Das Sonnenlicht flirrt durch die hohen Bäume von Fleury-devant-Douaumont, alles ist ruhig. Bürgermeister Jean-Pierre Laparra, 62, flaniert durch das Dorf, geht am Brunnen vorbei und macht halt vor der kleinen Kapelle. Wie bei jedem seiner Rundgänge begegnet er keinem einzigen Bewohner. Denn seit einem Jahrhundert wohnt hier kein Mensch mehr. Fleury ist ein "village détruit", ein sogenanntes zerstörtes Dorf, das während des Ersten Weltkrieges zunichte gemacht wurde.
In Frankreich gibt es noch fünf andere Dörfer, die wie Fleury eine komplette Zerstörung erlebten, nie wieder aufgebaut wurden und dennoch von einem Bürgermeister regiert werden. Alle befinden sich im Departement Meuse, in der Nähe von Verdun im Nord-Osten Frankreichs, da wo sich vor hundert Jahren die Europäer blutige Schlachten lieferten. Die damaligen Einwohner von Fleury-devant-Douaumont wurden entweder getötet oder sind vor dem Krieg geflohen. Ihre Häuser und die öffentlichen Gebäude wurden zerstört. Was heutzutage vom Dorf geblieben ist, ist eine Mondlandschaft mit Kratern mitten im Wald. Dazu eine Kapelle und ein Kriegerdenkmal.
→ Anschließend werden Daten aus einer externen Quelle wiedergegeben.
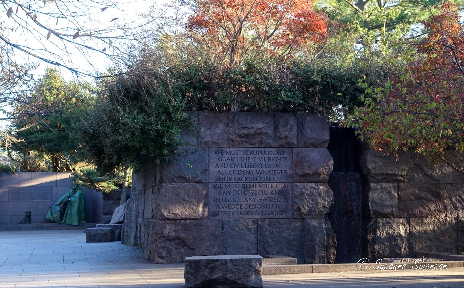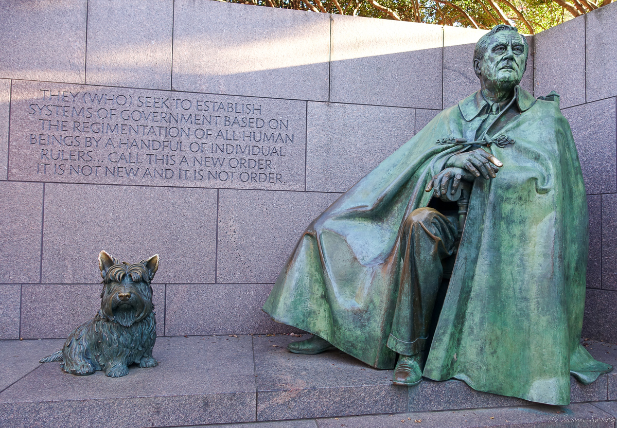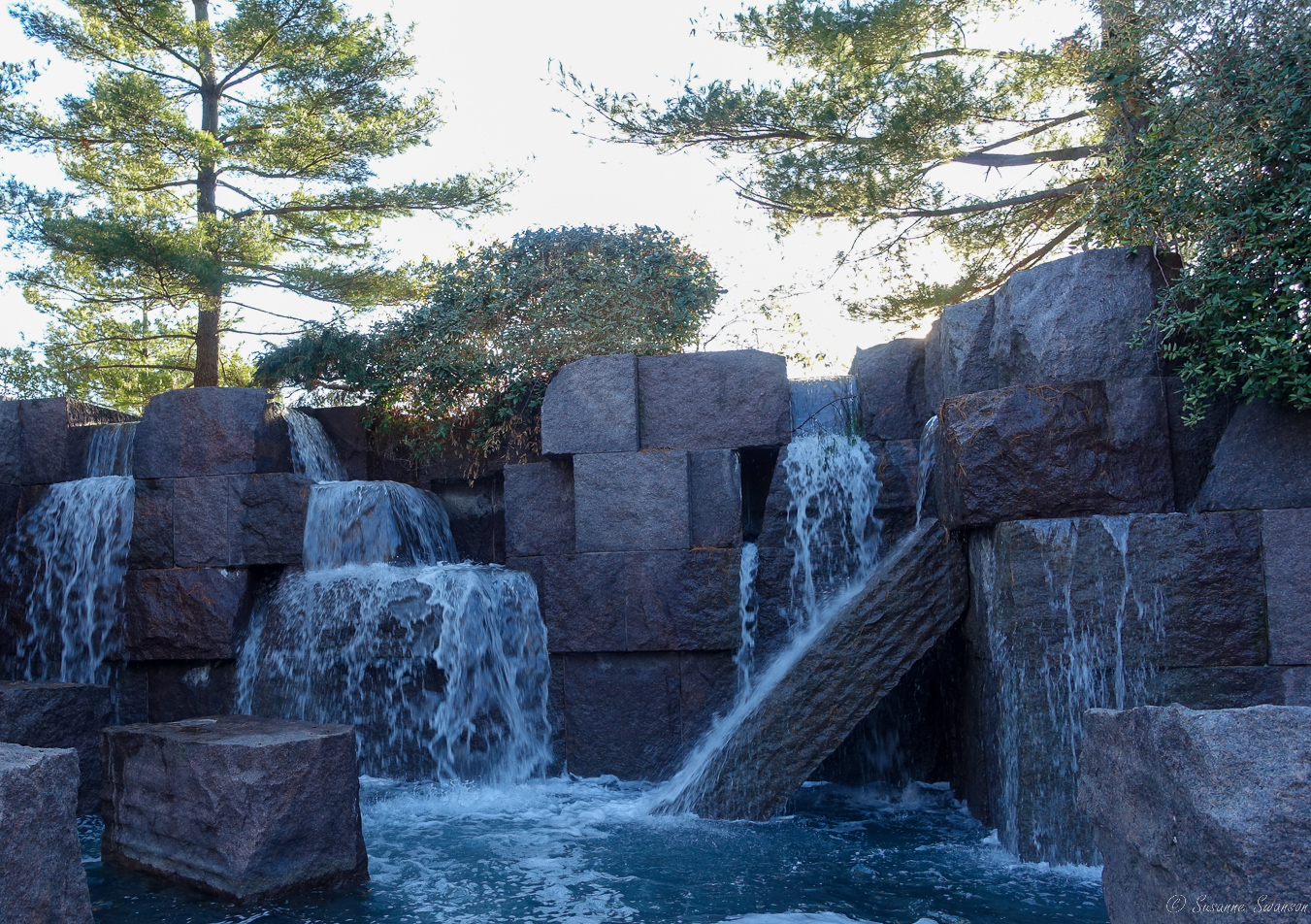 “President Bill Clinton dedicated the Franklin Delano Roosevelt (FDR) Memorial on May 2, 1997. Different from the previous presidential memorials, the FDR Memorial uses elements of stone, water, and landscaping to tell the story of FDRβs presidency in a more approachable way. Quotes are at eye level and the statues are at or close to ground level and were meant to be touched. The memorial consists of five outdoor rooms- one as a prologue and four for the unprecedented four terms of FDR. The fountains and pools placed throughout the memorial represent the important role water played in FDRβs life. The water features and the stones also help set the tone during different times in his presidency, from the reflection to chaos.” National Park Service website

Wer die Geschichte des Ortes nicht kennt, könnte ihn idyllisch finden. Doch unter der Erde befindet sich nach wie vor eine Menge Granaten und anderen Waffenresten – sowie viele Leichen. Regelmäßig werden neue Skelette von Soldaten des Ersten Weltkrieges entdeckt; 2013 waren es 26 auf einmal. Laut Schätzungen wird es 400 Jahre dauern, bis Fleurys Erde wieder rein ist: "Der Boden trägt immer noch die Wundmale der Schlachten, das Gebiet ist wie ein "gueule cassée"
Wie seine Kollegen der anderen zerstörten Dörfer wurde der Bürgermeister vom Präfekten ernannt – zusammen mit zwei Stellvertretern. Monsieur Laparra muss sich zwar nicht um das Wohl seiner Wähler kümmern, viel zu tun hat er aber trotzdem. Seine Hauptaufgabe besteht darin, für die Erhaltung des kulturellen Erbes des Dorfes zu sorgen und somit Fleurys Sichtbarkeit zu erhöhen. Dafür steht ihm ein jährliches Budget von 22.000 Euro zur Verfügung. Über die Hälfte der Summe wird für die Pflege des Geländes gebraucht – ein Posten, der wegen des durchgewühlten Bodens zwei- bis dreimal höher ist als anderswo im Land. Für seine Arbeit selbst erhält er lediglich ein Honorargehalt von 200 Euro.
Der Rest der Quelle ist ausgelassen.